Son muy poco conocidos incluso en los ambientes universitarios y académicos los maestros de filosofía, denominarlos filósofos sería demasiado rimbombante, que existieron durante el período colonial; esto es, el período que media entre el descubrimiento de América (1492) y la independencia de las repúblicas americanas (circa 1810).

Los institutos de estudio del pensamiento colonial o novohispano no son muchos pero desde hace una veintena de años se han multiplicado, los especialistas tampoco pero no podemos soslayar a nuestra Celina Lértora, al mejicano Mauricio Beuchot o a Walter Redmond de Texas, entre otros.

Tres siglos de actividad filosófica, siglos XVI al XVIII, encierran una riqueza desconocida para la mayoría. La producción está dispersa en mil lugares tanto en América como en Europa, de los maestros de filosofía conocemos sus nombres y los títulos de sus escritos pero ignoramos la mayor parte de sus contenidos. Además todos ellos escribieron en latín, que era la lengua filosófica de entonces. Y para colmo la corriente filosófica que primó fue la escolástica, donde si bien aparecen temas tratados en forma profunda y atractiva, no se caracterizó dicha corriente por generar filósofos rebeldes o de personalidad llamativa.

Si hacemos un cálculo proporcional basándonos en los datos que nos aporta la inmensa obra del profesor Alberto Caturelli Historia de la filosofía en la Argentina (1600-2000) y dado que existieron al menos 50 maestros de filosofía en el ámbito de lo que hoy es Argentina, y lo multiplicamos por los cuatro virreinatos hispanoamericanos, nos da la suma de unos 200 maestros, que a un promedio mínimo de ocho libros o tratados por barba, llegamos a la suma de 1800 escritos.

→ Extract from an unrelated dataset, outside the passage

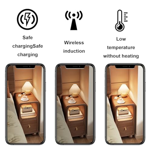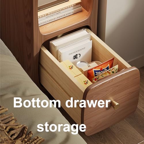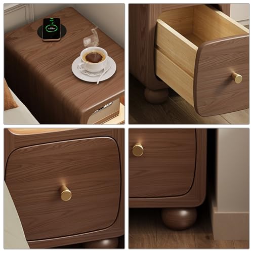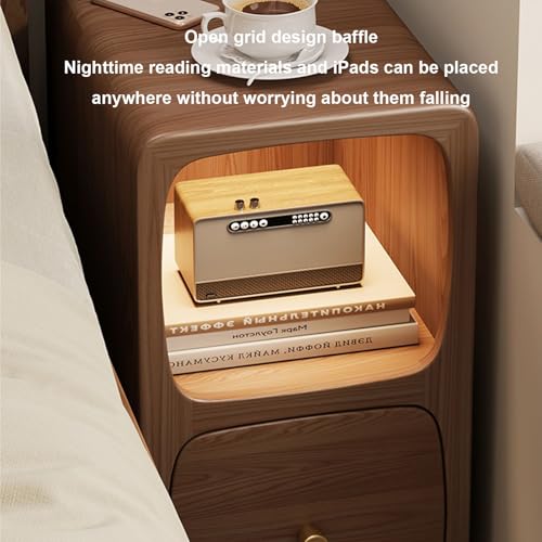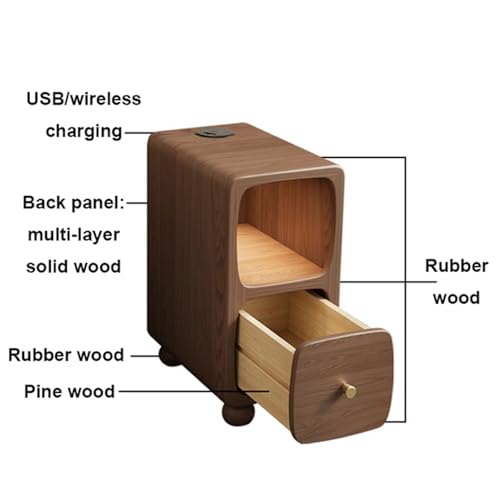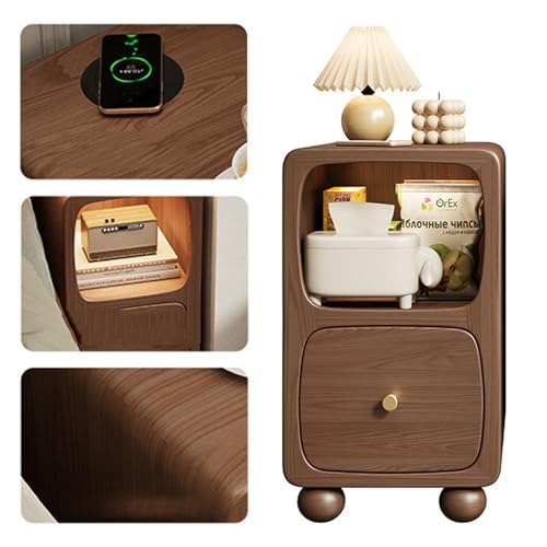 Walnut,30 * 38 * 49cm, Slim Bedside Cabinet, Narrow Solid Wood Nightstand, with Drawer & Storage Cabinet & Charging Station, for Living Room, Bedroom
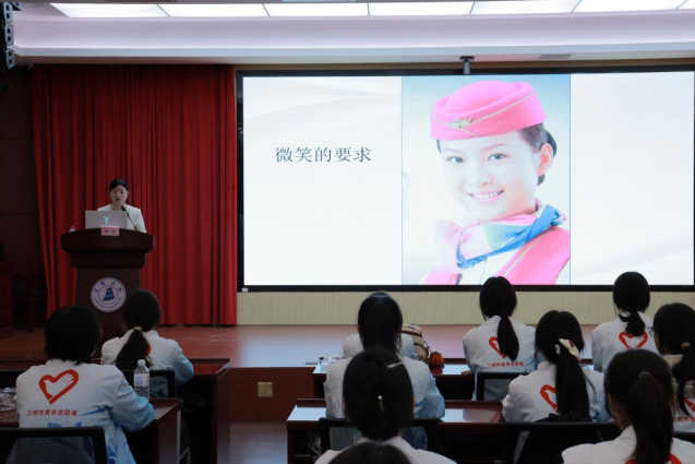 在实务培训环节,经济与管理学院陈圆老师围绕形象塑造、仪态管理与语言礼仪等方面展开专业指导,通过生动讲解与现场示范,深化了志愿者们对服务礼仪的理解,增强了服务的规范性与专业性。

Suma nada despreciable para estudiar y que en su mayor parte está aun bajo las sombras de la ignorancia.

De entre estos maestros de filosofía hubo algunos excepcionales como en México Alonso de la Vera Cruz (1507-1584), estudiado por el mencionado Beuchot o Antonio Rubio (1548-1615) autor de Lógica mexicana quien aparece citado por Descartes y Leibniz. En el Perú José de Aguilar (1652-1708) con su Tratado de metafísica. En Argentina, Domingo Muriel(1718-1795) y sus Meditaciones sobre Hispanoamérica, fray de San Alberto (1727-1804) con sus meditaciones sobre pedagogía, política y vida espiritual, Francisco Javier Iturri (1738-1822) con sus originalidades y José Peramás (1732-1793) con su Administración guaranítica comparada con la República de Platón.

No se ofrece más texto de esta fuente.